Marge Fenelon - published on 09/17/14

Discovering that the universal Church is (wow!) universal.

I’ve just spent eight days with Catholics from around the world. I keep repeating that line to myself because I’m still incredulous. It was one of those “somebody pinch me” situations that are almost too good to be true. But it is true, and I’m eternally grateful for the experience.

During these days I was in Rome, participating in a seminar for international journalists at the Pontifical University of the Holy Cross. The seminar was called “The Church Up Close: Covering Catholicism in the Age of Francis.” True to its title, we really did see the Church up close, as representatives of the various congregations and councils of the Holy See introduced us to their mission and work and we toured the iconic site of the center of Catholicism.

The idea was to show us the ins and outs and nooks and crannies of the Church, and we certainly did see them. The days were jam-packed with insights, observations, and information. About two-thirds of the way through the seminar, I jokingly texted to my family that I “didn’t think that this pathetic old brain could take in so much!” And that was a total understatement.  

In addition to seeing the Church up close from an academic standpoint, I experienced her deeply from the human standpoint. By that I mean that I discovered the universality of the Church through the other journalists who attended the seminar. They came from the nooks and crannies of the world, so to speak—Nigeria, Malta, Japan, Ireland, the United Kingdom, China, Australia, Ghana, Trinidad, Argentina, Puerto Rico, Brazil, South Africa, Italy, Canada, Macao, Spain, Angola, Iran, and United States. It was an amazing and enlightening experience.

It felt surreal to be sitting in a lecture hall with Catholics from every continent on earth except Antarctica. Time and again I’ve heard the Church referred to as universal, and I thought that I knew what that meant. Attending the seminar made the theoretical a reality for me.

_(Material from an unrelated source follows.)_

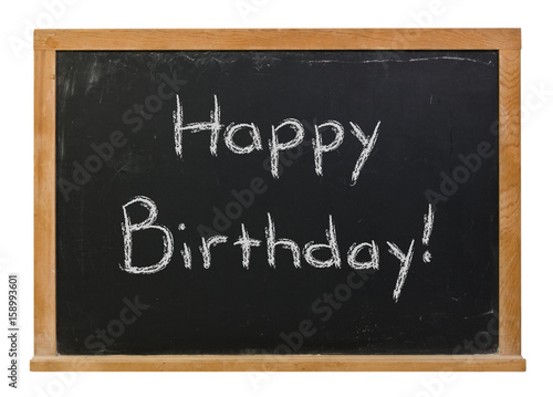 Obraz premium Happy Birthday written in white chalk on a black chalkboard isolated on white

We lunched together and most evenings ventured out in small groups for drinks or dinner. We chatted about world events, the work we do in our respective countries, our families, and what the Church is like at home. Not all of the journalists were Catholic, and that was also a gift because it gave me the opportunity to see the Church through their eyes. It was fascinating to see that we shared all the essentials in common and yet remained very different in the particulars. We, of course, came from different cultures, climates and systems of government. Our histories were different and often our world views were, too. But what we had in common—and oh-so-beautiful to see—was our love for the Faith.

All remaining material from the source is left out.